### What the exercise asks
From the listing below, reproduce exactly the lines starting with the one with "Přírodní ústní voda" and going on through the one with "- Replicate from", both ends kept. No picture is copied.

(Beginning of Supplied records)

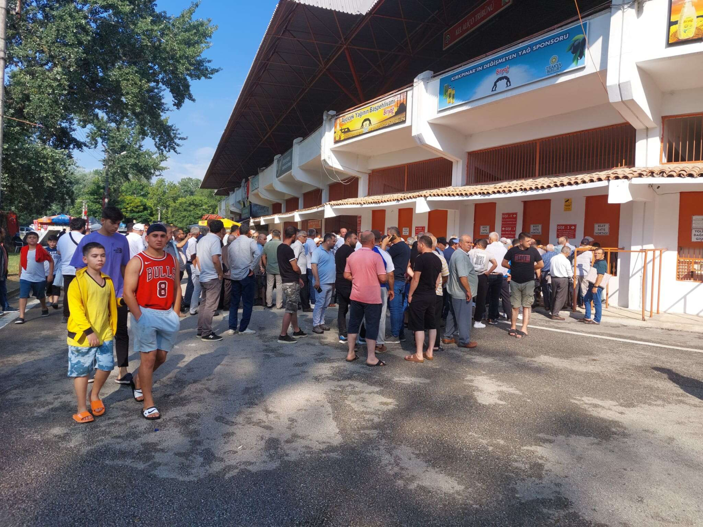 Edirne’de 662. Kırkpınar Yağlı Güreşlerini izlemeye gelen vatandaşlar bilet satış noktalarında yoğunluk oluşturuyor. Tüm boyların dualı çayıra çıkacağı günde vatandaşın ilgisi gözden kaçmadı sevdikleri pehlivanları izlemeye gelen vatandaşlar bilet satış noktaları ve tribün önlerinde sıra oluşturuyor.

(End of Supplied records)
(Beginning of Supplied records)

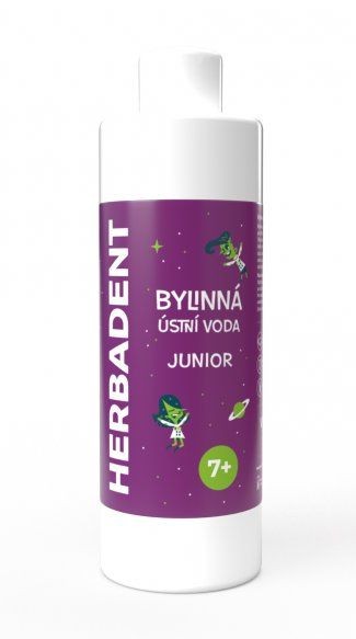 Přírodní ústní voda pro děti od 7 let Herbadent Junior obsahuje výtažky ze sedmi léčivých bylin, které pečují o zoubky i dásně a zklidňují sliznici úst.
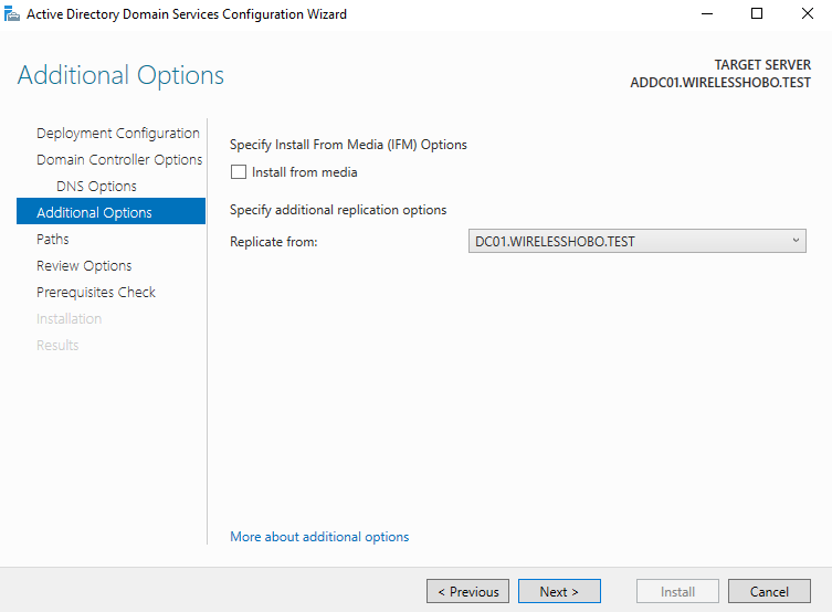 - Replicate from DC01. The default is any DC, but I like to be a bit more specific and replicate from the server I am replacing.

(End of Supplied records)

### Response
 Přírodní ústní voda pro děti od 7 let Herbadent Junior obsahuje výtažky ze sedmi léčivých bylin, které pečují o zoubky i dásně a zklidňují sliznici úst.
 - Replicate from DC01. The default is any DC, but I like to be a bit more specific and replicate from the server I am replacing.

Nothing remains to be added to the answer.